VA kills health IT projects, puts more back on track

By Peter Buxbaum
02:25 PM

Editor's note: This story was edited on March 1 to correct the statement that the VA's National Teleradiology Program was suspended following an accountability review. NTP was not suspended, said Roger Baker, VA's assistant secretary for information and technology. Instead only "one aspect of new development" related to the program was sidelined, he said. NTP itself carries on.

Several health IT projects at the Department of Veterans Affairs have been canned following evaluations performed under a stringent project management program while still others have earned a new lease on life as a result of the same program.

On a conference call today, Roger Baker, the VA's assistant secretary for information and technology, said that evaluations under the Program Management Accountability System (PMAS), which was inaugurated last summer, led to the termination of 12 projects and to the restarting of 32 of them. One project is still awaiting a final determination.

VA stopped production on 45 of its most troubled IT projects last summer following a highly critical inspector general report which cited poor IT project management.

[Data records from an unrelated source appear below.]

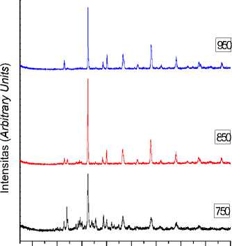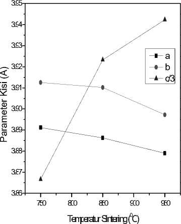 sintering pada 750oC, 850oC, dan 950oC diperoleh a masing-masing 3.891178 Å, 3.886266 Å, dan 3.879036 Å, b masing-masing 3.912534 Å, 3.910184 Å, dan c masing-masing 11.600093 Å, 11.769890 Å, dan 11.826884 Å.
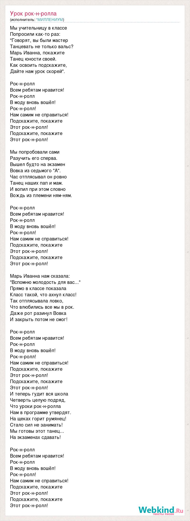 Мы учительницу в классе Попросили как-то раз: "Говорят, вы были мастер Танцевать не только вальс? Марь Иванна, покажите Танец юности своей. Как освоить подскажите, Дайте нам урок скорей". Рок-н-ролл Всем ребятам нравится! Рок-н-ролл В моду вновь вошёл! Рок-н-ролл! Нам самим не справиться! Подскажите, покажите Этот рок-н-ролл! Подскажите, покажите Этот рок-н-ролл! Мы попробовали сами Разучить его сперва. Вышел будто на экзамен Вовка из седьмого "А". Час отплясывал он ровно Танец наших пап и мам. И вопил при этом словно Вождь из племени ням-ням. Рок-н-ролл Всем ребятам нравится! Рок-н-ролл В моду вновь вошёл! Рок-н-ролл! Нам самим не справиться! Подскажите, покажите Этот рок-н-ролл! Подскажите, покажите Этот рок-н-ролл! Марь Иванна нам сказала: "Вспомню молодость для вас..." Прямо в классе показала Класс такой, что ахнул класс! Так отплясывала ловко, Что влюбились все мы в рок. Даже рот разинул Вовка И закрыть потом не смог! Рок-н-ролл Всем ребятам нравится! Рок-н-ролл В моду вновь вошёл! Рок-н-ролл! Нам самим не справиться! Подскажите, покажите Этот рок-н-ролл! Подскажите, покажите Этот рок-н-ролл! И теперь гудит вся школа Четверть целую подряд, Что уроки рок-н-ролла Нам в программе утвердят. На щеках горит румянец! Стало сил не занимать! Мы готовы этот танец... На экзаменах сдавать! Рок-н-ролл Всем ребятам нравится! Рок-н-ролл В моду вновь вошёл! Рок-н-ролл! Нам самим не справиться! Подскажите, покажите Этот рок-н-ролл! Подскажите, покажите Этот рок-н-ролл!
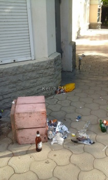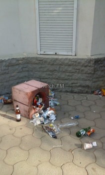 Так, как магазин несколько дней не работает, и уборщика нет, в урне накопилось достаточно мусора, который отдыхающие задушевно пинали ногами по тому, что осталось от тротуара прилегающего к магазину.
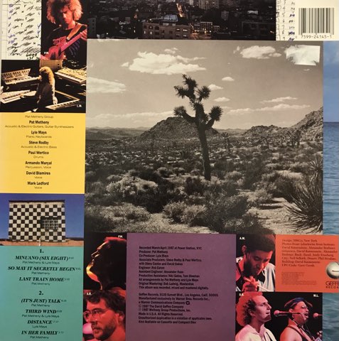 Pat Methenyが永らく所属していたECMを離れGeffinに移籍後初のリリースとなる87年作。彼の数ある名作の中でもブラジル音楽、特にミナスの影響が色濃い最高傑作のうちの一つ。1曲目「Minuano (Six Eight)」の素晴らしくフローティングなイントロからブラジリアン・フィーリングに溢れた中盤を経て、89年の超名曲Steve Reich「Electric Counterpoint」に繋がるミニマルなフレーズに入る瞬間は何度聴いても鳥肌モノ。エモーショナルなメロディー、コーラスがサウダージを誘う「Last Train Home」など全曲名曲の近年さらに再評価されている時代を超えた名盤。
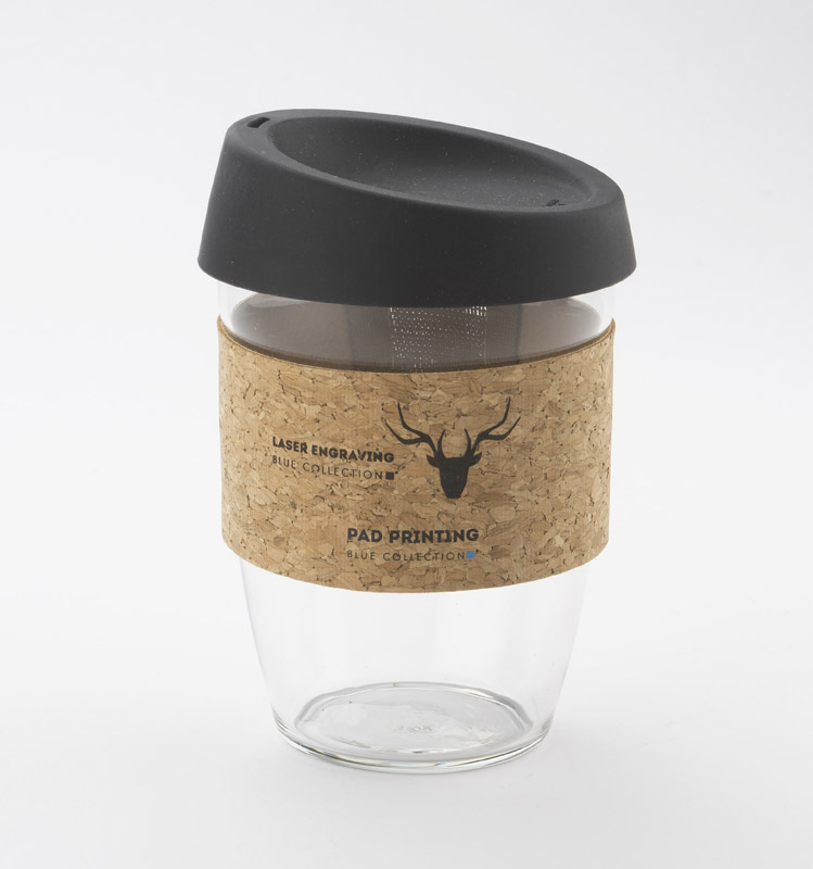 Krūze ir izgatavota no augstas kvalitātes borsilikāta stikla, kas ir izturīgs pret karstumu. Korķa siksniņa atvieglo tās satveršanu, novērš apdegumus un izslīdēšanu no rokām. Vāks ar dzeršanas atveri ir izgatavots no silikona.
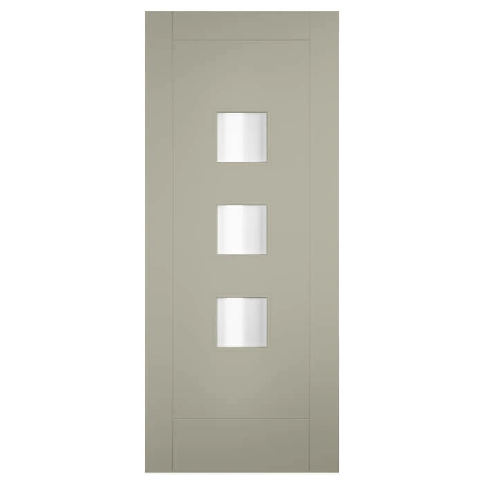 The Tricoya Turin Painted Pebble Grey 3L External Obscure Glazed Door will add visual appeal in your modern home. Made using top quality engineered materials, this door boasts a sturdy construction and features decorative part double glazed panes that allow plentiful light. This exterior door comes with a 30-year manufacturer’s defect guarantee. With a hard-wearing and weather-resistant outer face, this door can be trimmed up to 12mm from each edge and is EUTR Compliant (non-FSC).
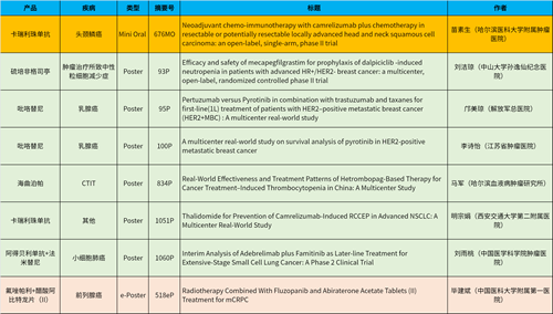 在头颈肿瘤、乳腺癌、肺癌、前列腺癌等多个疾病领域,卡瑞利珠单抗、阿得贝利单抗、吡咯替尼、氟唑帕利、法米替尼、醋酸阿比特龙片(II)等抗肿瘤新药相关研究一共入选了1项简短口头报告、4项壁报展示和1项电子壁报,彰显了AG庄闲医药强劲的研发实力。

PMAS is designed to eliminate unfruitful projects early on through the strict application of milestone deadlines.

Projects now back on track include: Health Data Repository (HDR) II; Document & Ancillary Imaging; Clinical Data Service; Home Telehealth Development; Spinal Cord Injury & Disorders Outcomes v3.0; Lab Data Sharing & Interoperability - Anatomic Pathology/Microbiology; Pharmacy Re-Engineering; and Radiology Voice Recognition Interface.

Projects no longer being pursued include Scheduling Replacement; Clinical Data Repository/Health Data Repository (CHDR) -Chemistry & Hematology: ADC Automation; and a software development project associated with the National Teleradiology Program.

Baker pointed out while the programs were sidelined, many of the requirements they targeted may continue to exist and that similar projects could therefore be re-developed.

The VA-Department of Defense virtual lifetime record project (VLER) which is seeking to develop a joint medical and administrative electronic record is being managed under PMAS, Baker said. An ongoing VLER pilot in San Diego in which VA and the private Kaiser Permanente health network are exchanging medical data is also being managed under PMAS.

"The pilot met all its dates," said Baker.

The VA-DoD North Chicago project, in which the two departments are jointly running a hospital, including its information systems, was placed under PMAS as of February 15, 2010.

"We will be looking at the next milestone closely," said Baker of the project, which has experienced delays.

PMAS saved the VA $54 million in its fiscal year 2010 budget, according to Baker. All departmental IT projects will now be put through PMAS.

"We will use the $54 million to fund other higher priority projects that will create benefits for veterans," he said.